## Exercise
Only the lines from the one with "Для начала, огурцы" through the last line of the data below are to be duplicated, exactly and without pictures.

## Dataset content
■ ■ ■

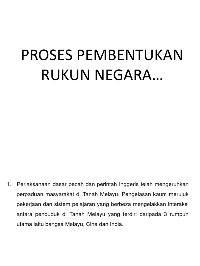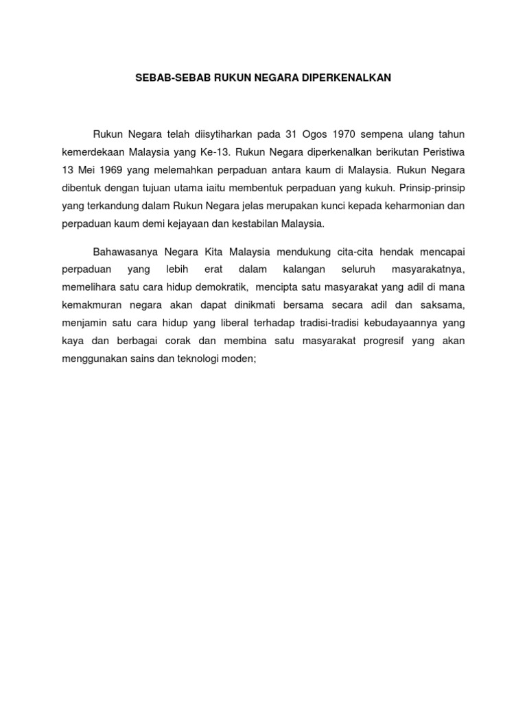 Sebab Rukun Negara Diperkenalkan from imgv2-2-f.scribdassets.com Sejarah lahirnya uud 1945 negara republik indonesia. Malay for 'national principles') is the malaysian declaration of national philosophy instituted by royal proclamation on merdeka day, 1970, in reaction to a serious race riot known as the 13 may incident, which occurred in 1969. Pelantikan syed hussin jamalullail sebagai pemerintah merupakan asas kepada pembentukan sebagai warganegara yang patriotik, bagaimanakah anda menghayati prinsip rukun negara yang ketiga? The rukun negara or (formerly rukunegara; Dewasa ini, makin ramai yang sudah melupakannya, hinggakan ada yang tidak tahu apa itu rukun negara. Setiap warga negara malaysia dikehendaki menghormati, menghargai, serta memahami maksud dan kandungan serta latar belakang sejarah pembentukan perlembagaan negara. Malaysia merupakan sebuah negara yang mempunyai rakyat pelbagai kaum, agama, kebudayaan serta mengamalkan cara hidup sejarah pembentukan. Kandungan rukun negara pengenalan sejarah pembentukan rukun negara matlamat dan objektif pembentukan rukun negara bahagian pertama tanpa perpaduan, negara akan menjadi lemah dan boleh mengakibatkan kedaulatan negara terjejas, pentadbiran kerajaan berkecamuk, berlaku huru.
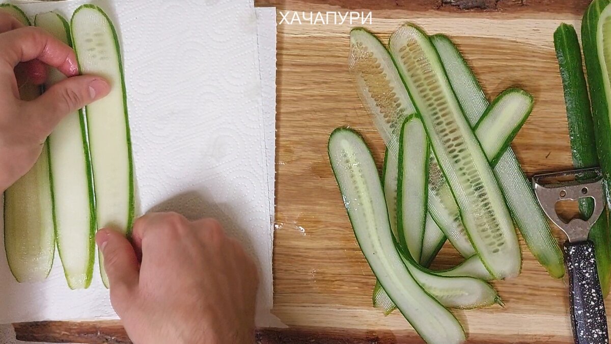 Для начала, огурцы следует нарезать на тонкие слайсы с помощью овощечистки. Готовые ломтики нужно выложить на салфетку, чтобы избавиться от лишней влаги. Далее подготавливаются яйца — их следует отварить вкрутую, а свеклу можно использовать уже готовую, либо приготовить самостоятельно.
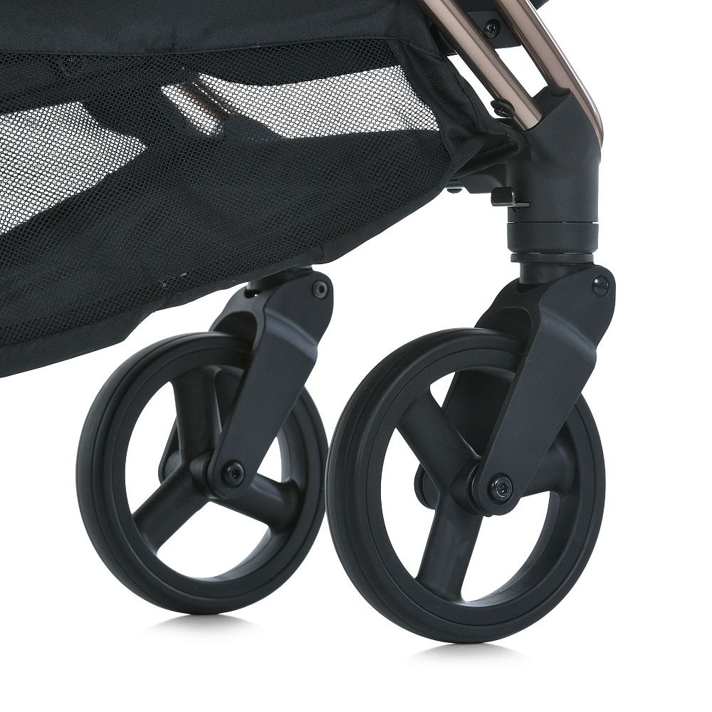 Поліуретанові колеса забезпечують плавний і безшумний рух: передні діаметром 16,5 см з амортизаторами для м’якого ходу, задні — 23 см для підвищеної стійкості. Така система коліс гарантує комфортне пересування навіть нерівними дорогами.

■ ■ ■

## Written solution
 Для начала, огурцы следует нарезать на тонкие слайсы с помощью овощечистки. Готовые ломтики нужно выложить на салфетку, чтобы избавиться от лишней влаги. Далее подготавливаются яйца — их следует отварить вкрутую, а свеклу можно использовать уже готовую, либо приготовить самостоятельно.
 Поліуретанові колеса забезпечують плавний і безшумний рух: передні діаметром 16,5 см з амортизаторами для м’якого ходу, задні — 23 см для підвищеної стійкості. Така система коліс гарантує комфортне пересування навіть нерівними дорогами.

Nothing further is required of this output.